BraTS-UNet

Brain Tumor Segmentation with U-Net on Multi-Modal MRI

Table of Contents

Problem Definition
Dataset Overview
Methodology
Results
Conclusions

Project Walkthrough

Problem Definition

Gliomas are challenging to diagnose and delineate due to their heterogeneous shape, size, and location. This project explores modern segmentation algorithms to tackle this problem using publicly-available MRI scans. These images have been annotated with specific tumor subregions by expert neuroradiologists, providing a reliable ground truth for model training and evaluation.

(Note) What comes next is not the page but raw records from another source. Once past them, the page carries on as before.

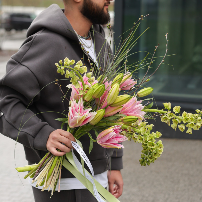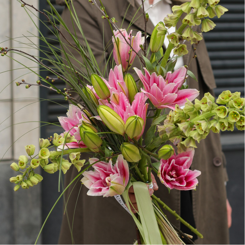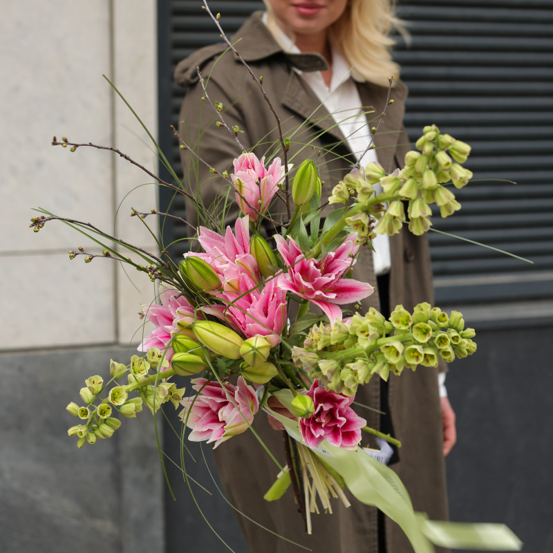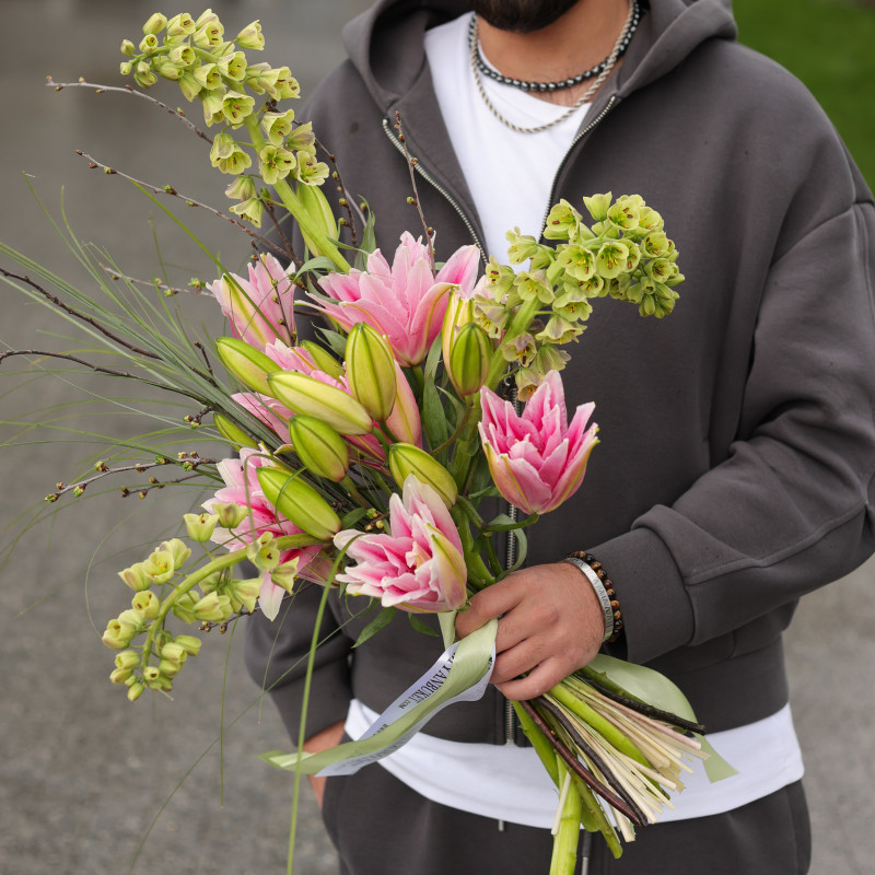 Букет без упаковки с пионовидными лилиями и фритиллярией
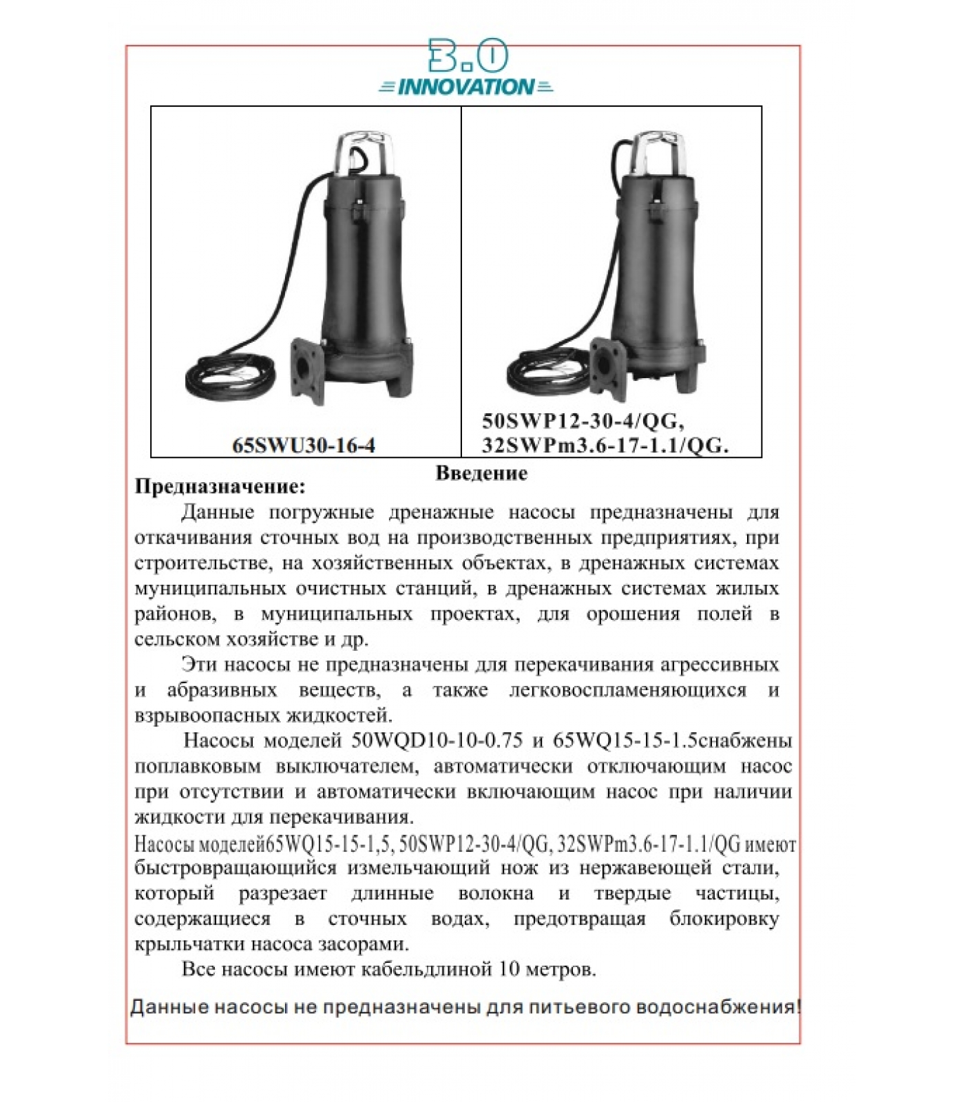 Погружные насосы для сточных вод SWU с полуоткрытым рабочим колесом применяются для откачки сточных вод из накопителей, септиков в очистных системах, с содержанием волокон в кожевенных и пищевых производствах, в управлении стоками, септиками, на животноводческих фермах, в отелях, ресторанах школах и других общественных зданиях.
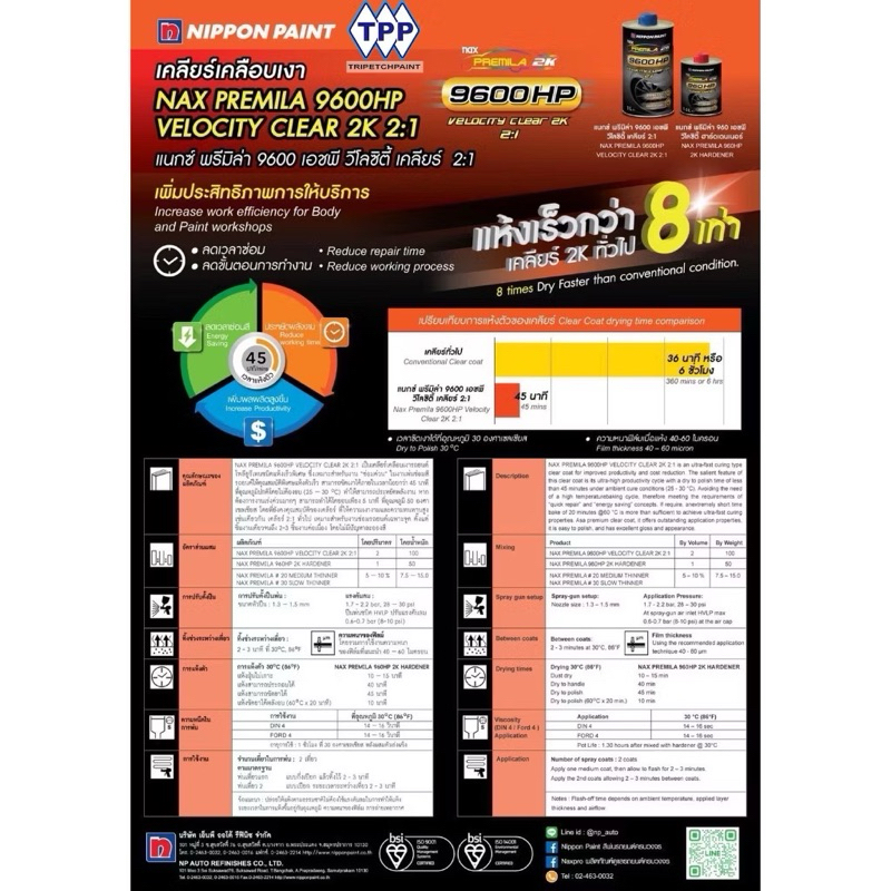 แต่ยังคงความเงา ฉ่ำ ลึก เช่นเดิมด้วยประสิทธิ์ภาพ”เคลียร์แห้งเร็ว 45 นาที ขัดเงาได้โดยไม่ต้
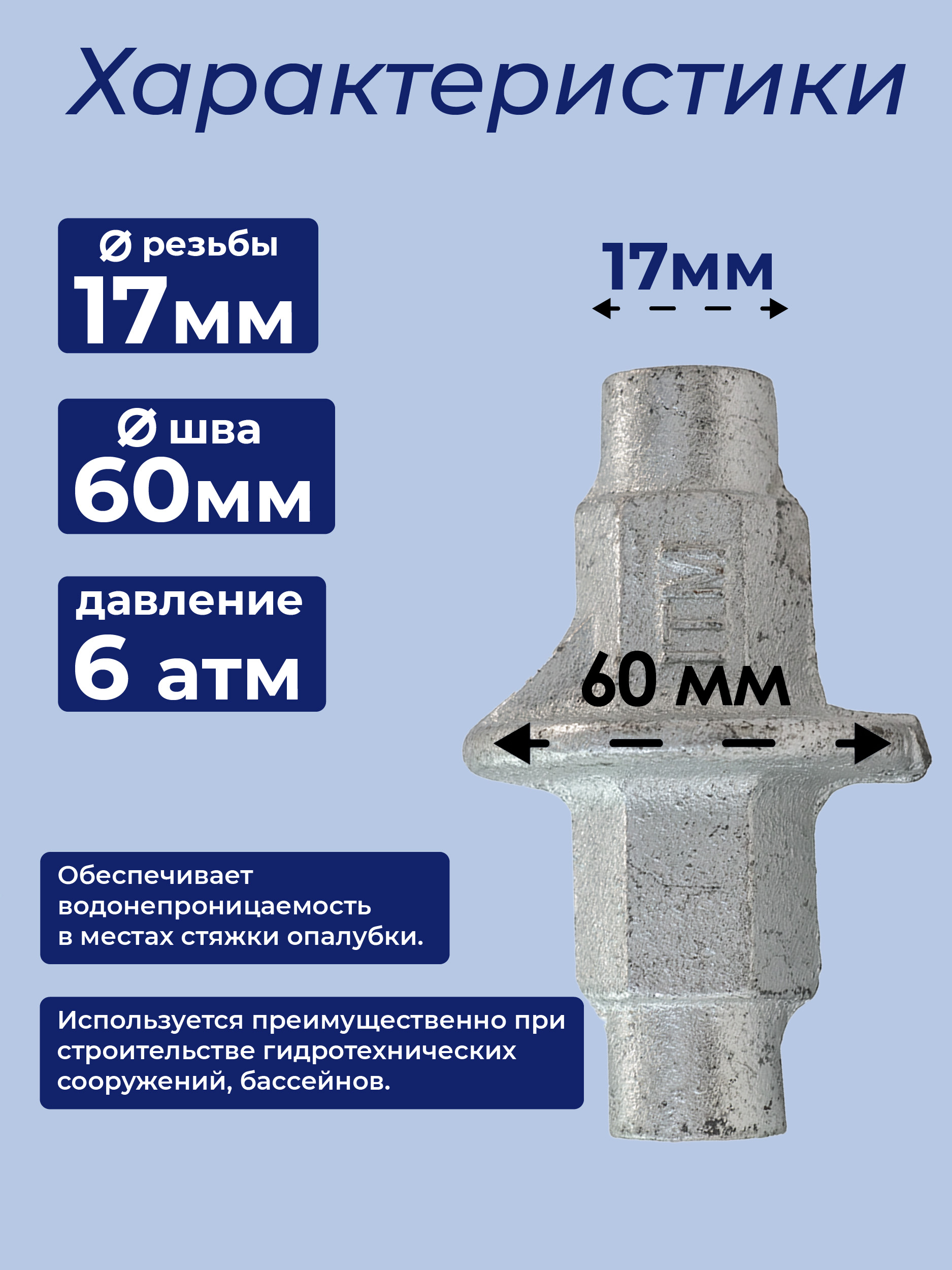 Гайка-ватерстоп используется при монолитном строительстве. Выдерживает нагрузку водяного столбба до 6 атмосфер. Проста в установке — изготовлена в виде шестигранной головки диаметром 30 мм. Внутренняя резьба — 17 мм.
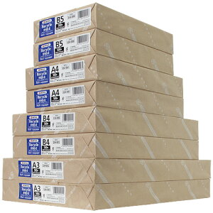 古紙パルプ100%ながら白色度80%仕様の再生紙、B5 500枚×5冊入です。外装箱はA式タイプ(観音開きタイプ)です。
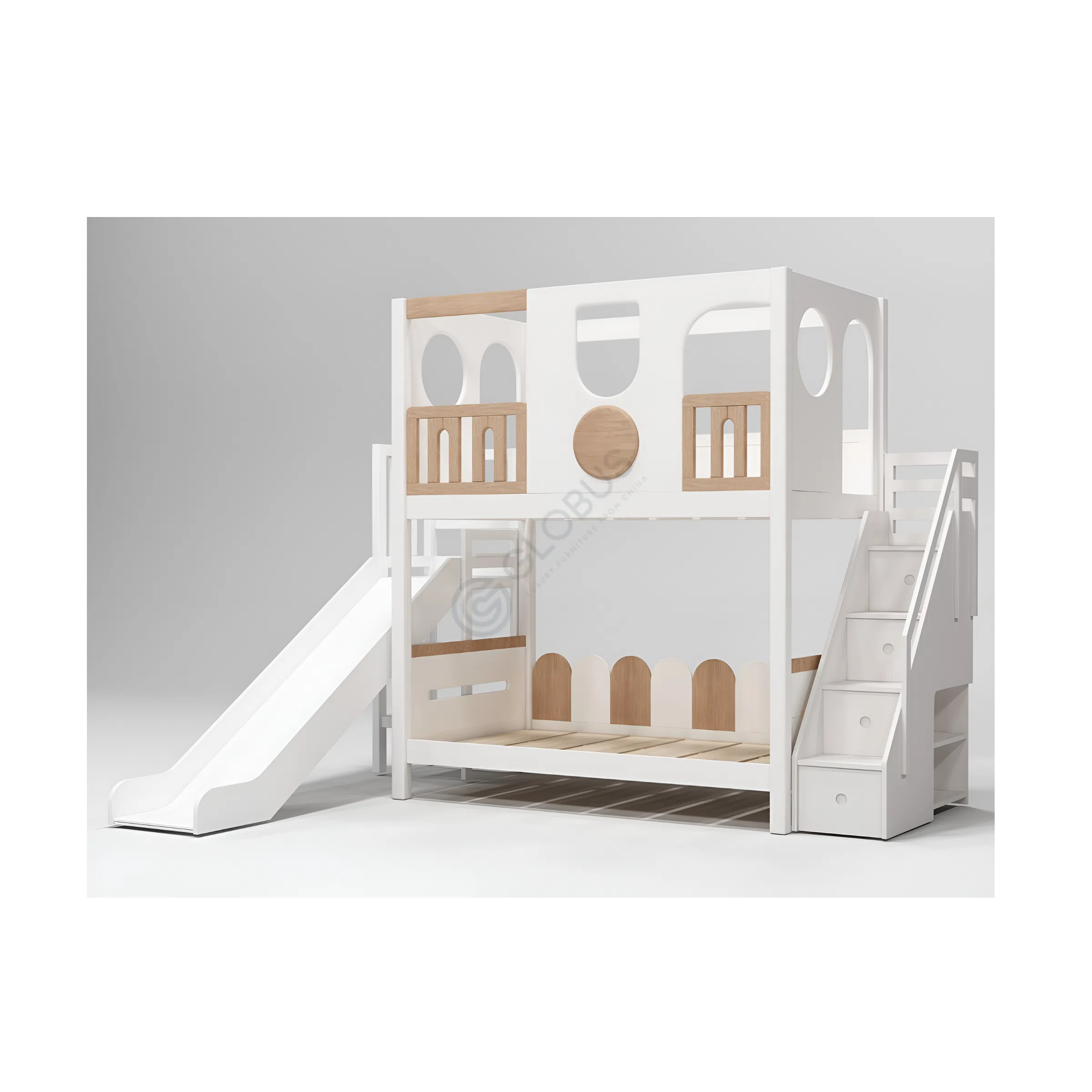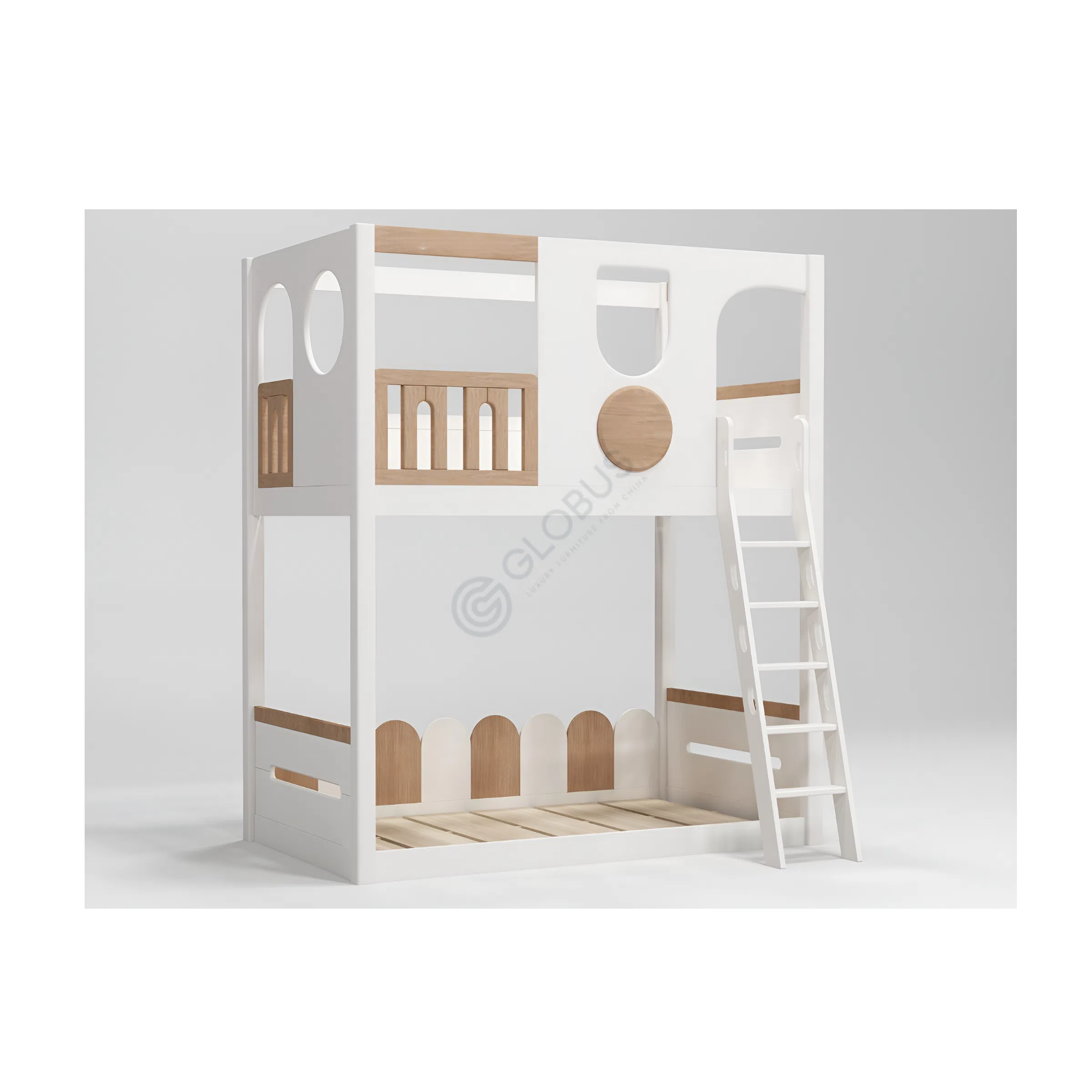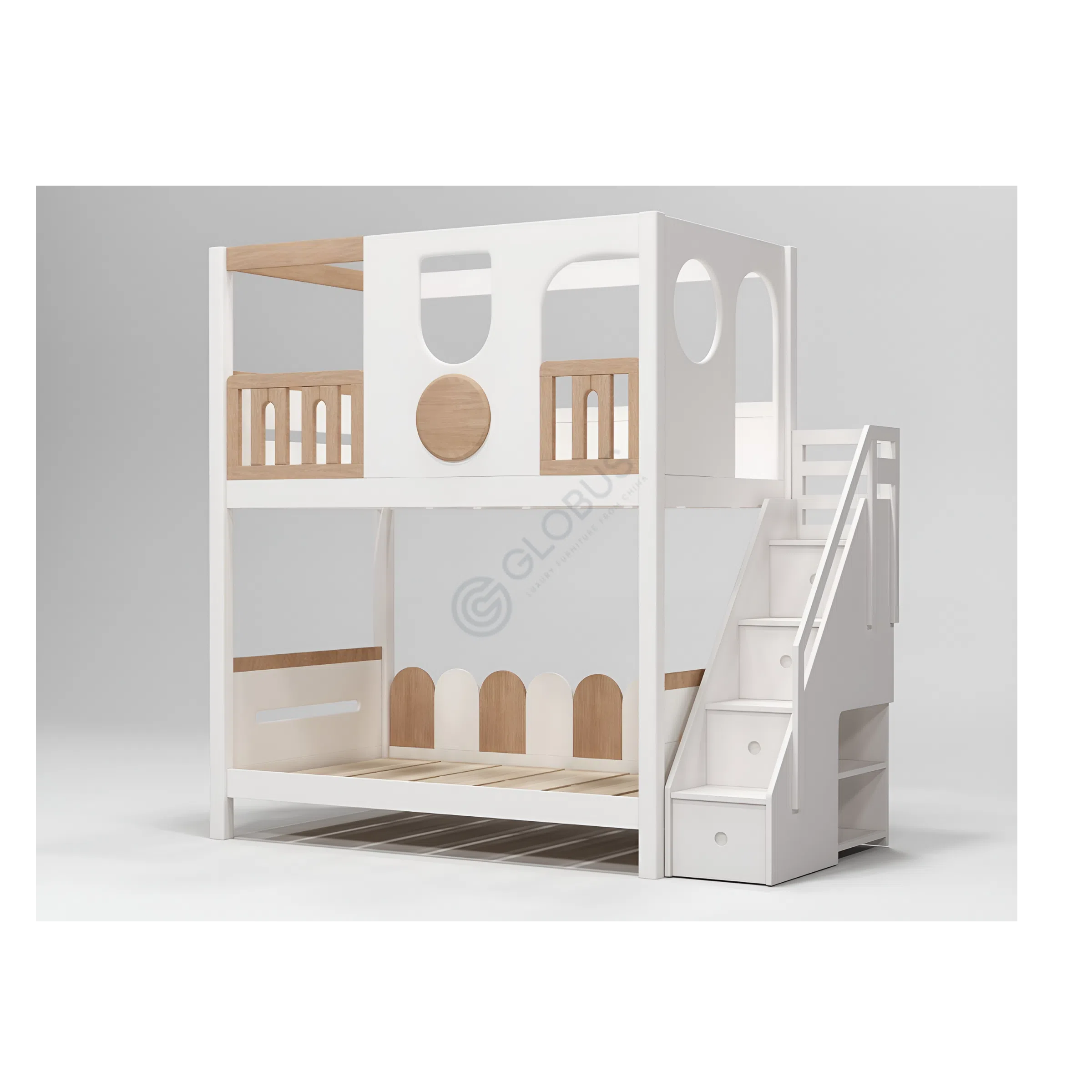 Продуманная лестница обеспечивает удобный и безопасный доступ к верхнему уровню, скрывая внутри полезное пространство для хранения. Каждый шаг лестницы может служить ящиком или полкой, помогая поддерживать порядок. На верхнем ярусе располагается спальное место, окруженное надежным ограждением, обеспечивающим спокойный сон. Элементы дизайна, напоминающие окна и уютный балкончик с деревянными перилами, добавляют игривости, создавая ощущение личного домика или крепости.
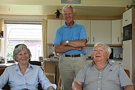 Jan Zuijdijk (rechts) samen met zijn vrouw Jannie Hermans, gastvrij ontvangen door Sjabbo Datema (staand)
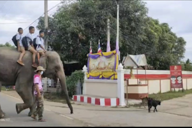 โลกโชเซียลแห่ชื่นชมนักเรียนชายสามคน นั่งช้างมาโรงเรียนเปิดเทอมวันแรก เจ้าของช้างเผยอยากให้เด็กๆสร้างสีสันบรรยากาศ เปิดเทอม และช้างตกงานจากสถานการณ์การแพร่ระบาดของเชื้อไวรัสโคโรนา หรือโควิด-19 อยู่ภายใต้การดูแลของควาญช้างปลอดภัยแน่นอน
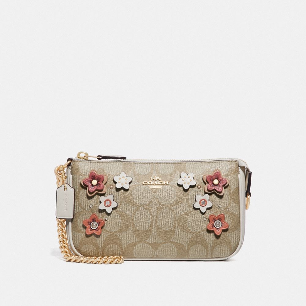 LARGE WRISTLET 19 IN SIGNATURE CANVAS WITH FLORAL APPLIQUE
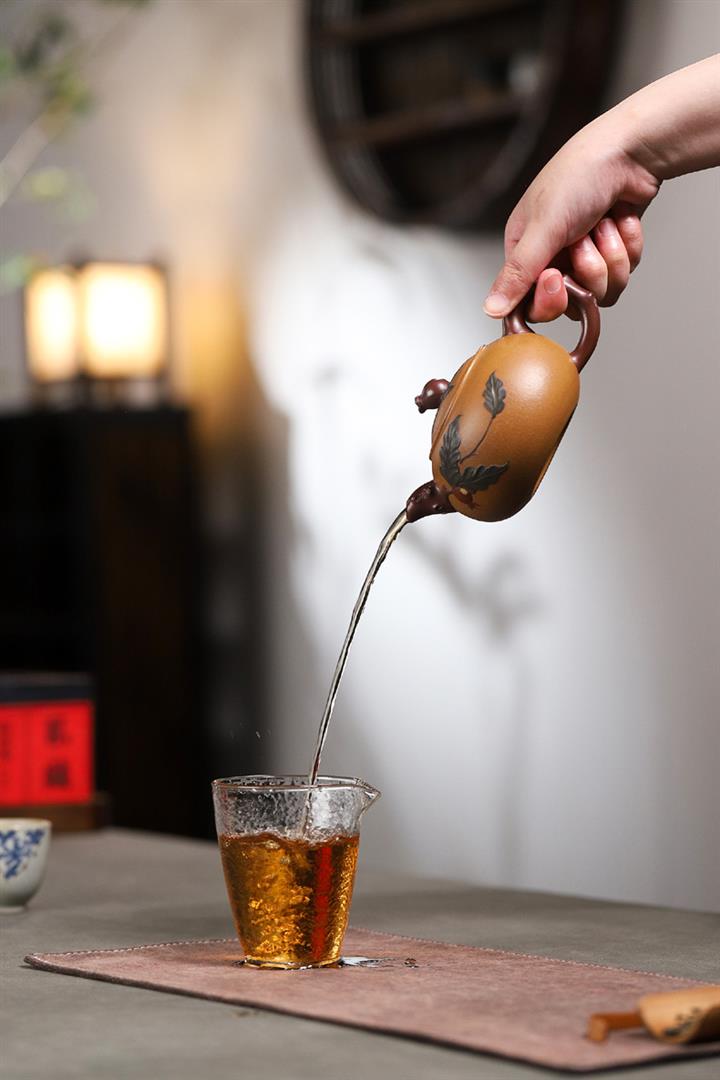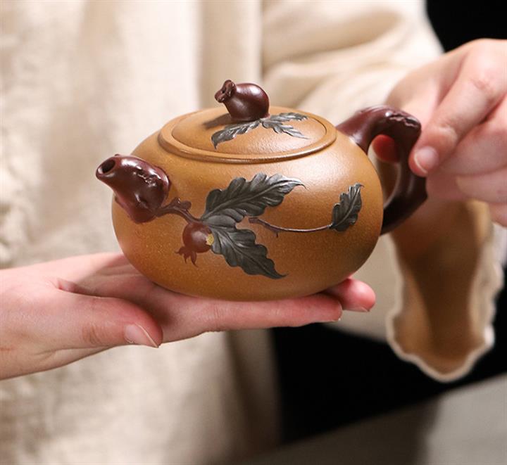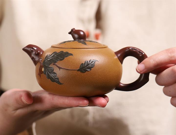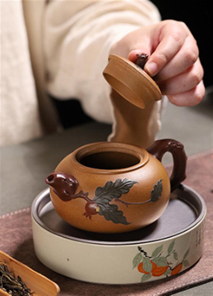 【泥料特點】砂土氣重,似淳實農民,日久使用,漸露鋒芒,養成變化,溫潤莊重。紫砂是壹種雙重氣孔結構的多孔性材質,氣孔微細,密度高。用紫砂壺沏茶,不失原味,且香不渙散,得茶之真香真味。紫砂使用越久,壺身色澤越發光亮照人,氣韻溫雅。紫砂壺長久使用器身會因撫摸擦拭,變得越發溫潤光澤。

The table below outlines the high-level project scope:


Task	2D semantic segmentation; each slice will be processed independently while approximating 3D tumor structure
Input	Multi-channel MRI slices (T1, T1Gd, T2, T2-FLAIR)
Output	Multi-channel segmentation masks with the same spatial dimensions as input
Metrics	- Primary: Dice Coefficient (Dice Loss + BCE for optimization) - Secondary: Precision & Recall
Constraints	- Training runtime ≤ 12 hours (to ensure stability on free-tier Colab T4 GPU) - Dataset size is moderate; batch size & network depth must balance speed & memory - Avoid heavy augmentation
Success Criteria	- Competitive baseline Dice for a lightweight, reproducible model - Complete training within runtime limits - Predictions visually align with ground truth (no major over/under-segmentation) - Set up attention mechanisms and data augmentation for v2+

(back to top)

Data Overview

This project uses the BraTS 2020 training dataset, consisting of multi-modal brain MRI volumes with expert-annotated tumor subregions. Each patient volume contains co-registered MRI modalities along with pixel-wise segmentation masks.

Metadata

Inspection of the metadata and survival information reveals a slice-level class imbalance (tumor vs. non-tumor), variability in patient ages, and variability in survival outcomes.

Imaging Modalities

The imaging data is organized at the slice level for modeling convenience. In total, there are 57k+ 2D slices derived from 369 patients. Because slices from the same patient are highly correlated, train/validation splits must be performed at the patient level to prevent data leakage. Each slice maintains spatial alignment across modalities, enabling multi-channel input into segmentation networks. The four MRI modalities capture complementary information:

T1: Baseline anatomical structure
T1Gd: Post-contrast scan highlighting enhancing tumor regions
T2: Emphasizes fluid-rich regions
T2-FLAIR: Suppresses CSF signal, isolating edema and infiltrative tumor signal that may blend with fluid in T2

The example below (Volume 238, Slice 67) demonstrates visual differences across modalities and confirms cross-channel alignment.

Spatial Perspectives

Although modeling is performed slice-wise in 2D, MRI volumes are inherently three-dimensional and can be viewed in multiple anatomical planes:

Axial plane: Horizontal cross-section (most common view)
Coronal plane: Divides anterior and posterior regions
Sagittal plane: Divides left and right hemispheres

Tumor Subregions

Segmentation masks are multi-channel tensors where each channel is a binary map to a tumor subregion:

Necrotic / Non-Enhancing Core (NET/NEC): Central tumor core (dead tissue)
Enhancing Tumor (ET): Actively enhancing tumor rim, typically outlining the core
Peritumoral Edema (ED): Surrounding edema extending beyond ET

Overlay visualizations confirm correct spatial alignment between MRI input and mask targets.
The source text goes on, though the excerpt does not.